日本商工会議所の小林健会頭は3月24日、定例の記者会見で、トランプ米大統領政策による自動車への追加関税について、「日本の自動車メーカー全体で言えば、米国で生産している部分が相当あるため、米国内での完成車の販売に関しては全てに25%追加関税ということはないと思う」と述べた一方、「問題はサプライチェーン内の中小企業であり、大きな影響は出てくるだろう」と懸念を表明した。
また、「これほど関税をかけて輸入して、米国経済は大丈夫なのか。米国経済全体が冷えてくると、そこで(経済が)風邪をひく国が多くあるため、米国経済の疲弊が心配だ」と述べるとともに、「米国の国力低下は、日本にとっては極めて好ましくない。端的に言えば、米国には日本の製品もたくさん買ってもらって消費してほしいということだ」と強調し、「経済政策は総合的な観点で考えてもらいたい」と求めた。
春季労使交渉については、「昨年並み、あるいは少し上向いた数字になるのではないか」との見方を表明。連合が公表した2回目の回答集計結果において、中小組合の賃上げ率(ベースアップ分のみ)が、昨年同時期から上昇していることに触れ、「厳しい経営状況の中でよく頑張った」と評価するとともに、商工会議所として、全国の会員企業に引き続き賃上げを働き掛けていく方針を示した。

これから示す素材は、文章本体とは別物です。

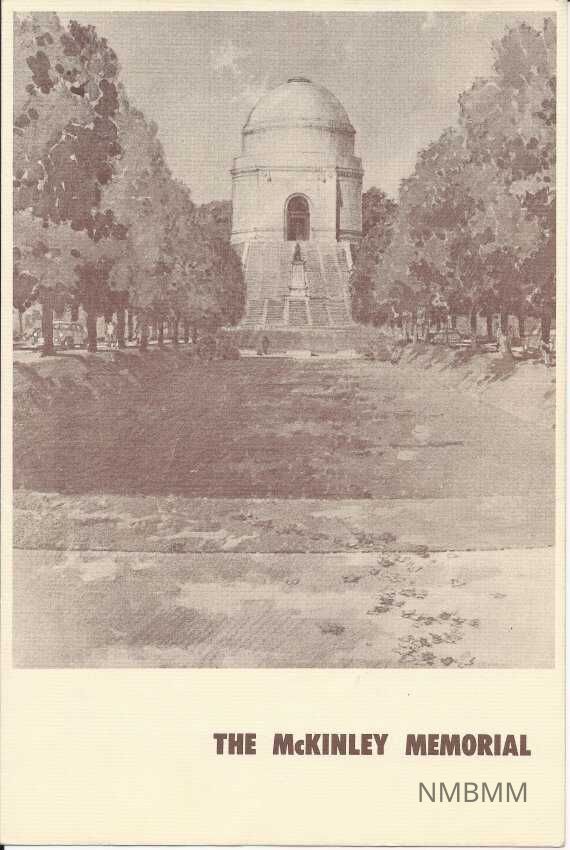 The item is a pamphlet titled the McKinley Memorial. it gives an overview of his political career and assassination, with a small paragraph on the memorial itself. A picture of the memorial is featured on the front.Collection
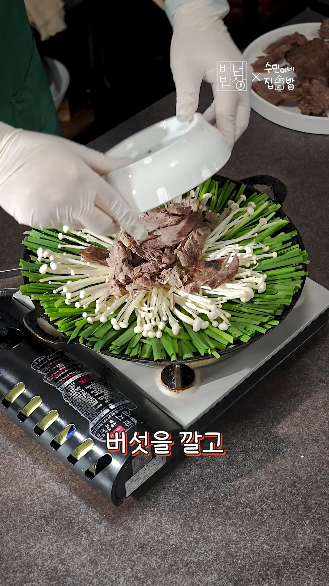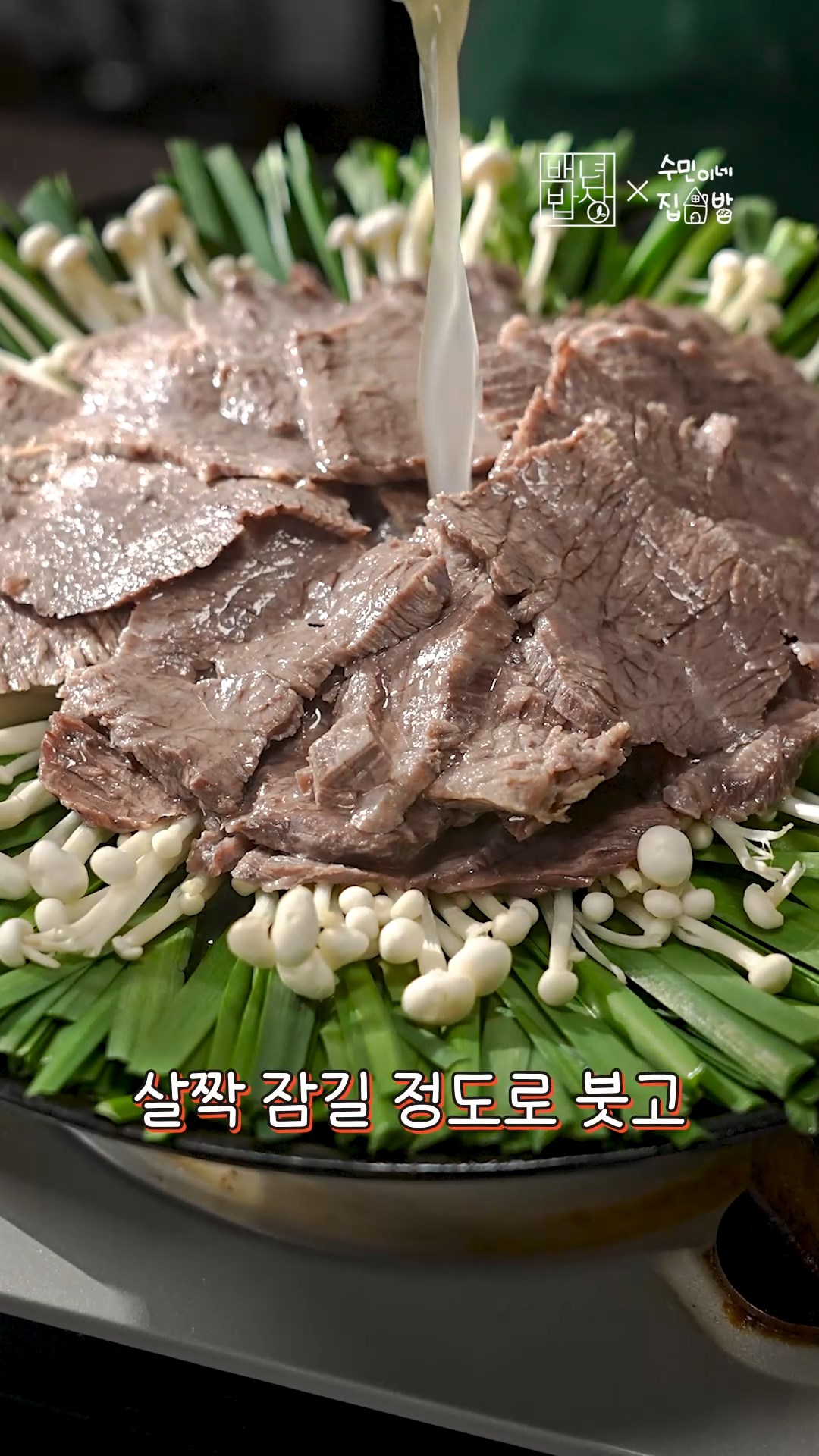 6. 얕은 냄비에 채소를 둘러주고 고기는 얇게 저며주세요.

一方、「食品原料、食品などが相当値上がりしている。小規模の商店・飲食店は、電気・ガス・光熱費などの費用が上昇し、仕入れ費用がかさむ中、過当競争にさらされながら、消費者に向けて売っていかざるを得ない」と実態に懸念を示し、日銀が目標とする2%の物価上昇との乖離(かいり)を指摘。政府に効果を伴う物価対策を強く求めた。